## [Given information]

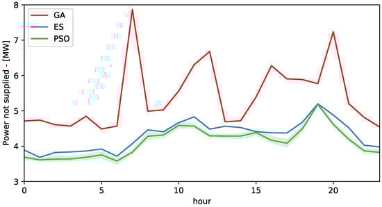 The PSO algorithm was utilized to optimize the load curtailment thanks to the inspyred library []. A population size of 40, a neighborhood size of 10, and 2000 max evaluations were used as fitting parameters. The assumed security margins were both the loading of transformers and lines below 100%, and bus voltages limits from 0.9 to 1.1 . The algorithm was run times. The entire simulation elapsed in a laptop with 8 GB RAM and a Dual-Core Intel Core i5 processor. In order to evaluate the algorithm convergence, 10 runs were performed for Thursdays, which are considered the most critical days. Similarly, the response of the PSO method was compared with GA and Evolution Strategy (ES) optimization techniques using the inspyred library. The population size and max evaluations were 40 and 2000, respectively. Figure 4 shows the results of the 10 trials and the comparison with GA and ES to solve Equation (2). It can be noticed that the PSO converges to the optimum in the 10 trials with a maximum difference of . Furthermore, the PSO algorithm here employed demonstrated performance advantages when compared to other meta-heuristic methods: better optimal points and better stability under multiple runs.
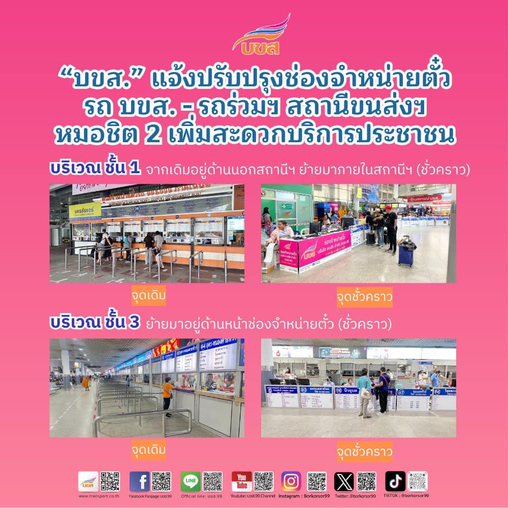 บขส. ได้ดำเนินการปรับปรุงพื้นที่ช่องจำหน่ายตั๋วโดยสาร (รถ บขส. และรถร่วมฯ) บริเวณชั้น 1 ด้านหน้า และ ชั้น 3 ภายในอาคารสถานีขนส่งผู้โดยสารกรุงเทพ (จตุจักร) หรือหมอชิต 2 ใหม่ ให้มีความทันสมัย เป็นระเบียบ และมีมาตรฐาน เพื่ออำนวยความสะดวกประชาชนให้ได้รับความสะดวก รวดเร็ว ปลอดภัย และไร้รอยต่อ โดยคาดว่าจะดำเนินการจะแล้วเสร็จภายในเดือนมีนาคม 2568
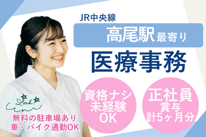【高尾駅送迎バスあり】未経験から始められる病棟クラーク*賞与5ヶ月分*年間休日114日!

## [Exercise]
Output each line exactly as shown above; no pictures go in the copy.

## [Solution to the exercise]
 The PSO algorithm was utilized to optimize the load curtailment thanks to the inspyred library []. A population size of 40, a neighborhood size of 10, and 2000 max evaluations were used as fitting parameters. The assumed security margins were both the loading of transformers and lines below 100%, and bus voltages limits from 0.9 to 1.1 . The algorithm was run times. The entire simulation elapsed in a laptop with 8 GB RAM and a Dual-Core Intel Core i5 processor. In order to evaluate the algorithm convergence, 10 runs were performed for Thursdays, which are considered the most critical days. Similarly, the response of the PSO method was compared with GA and Evolution Strategy (ES) optimization techniques using the inspyred library. The population size and max evaluations were 40 and 2000, respectively. Figure 4 shows the results of the 10 trials and the comparison with GA and ES to solve Equation (2). It can be noticed that the PSO converges to the optimum in the 10 trials with a maximum difference of . Furthermore, the PSO algorithm here employed demonstrated performance advantages when compared to other meta-heuristic methods: better optimal points and better stability under multiple runs.
 บขส. ได้ดำเนินการปรับปรุงพื้นที่ช่องจำหน่ายตั๋วโดยสาร (รถ บขส. และรถร่วมฯ) บริเวณชั้น 1 ด้านหน้า และ ชั้น 3 ภายในอาคารสถานีขนส่งผู้โดยสารกรุงเทพ (จตุจักร) หรือหมอชิต 2 ใหม่ ให้มีความทันสมัย เป็นระเบียบ และมีมาตรฐาน เพื่ออำนวยความสะดวกประชาชนให้ได้รับความสะดวก รวดเร็ว ปลอดภัย และไร้รอยต่อ โดยคาดว่าจะดำเนินการจะแล้วเสร็จภายในเดือนมีนาคม 2568
【高尾駅送迎バスあり】未経験から始められる病棟クラーク*賞与5ヶ月分*年間休日114日!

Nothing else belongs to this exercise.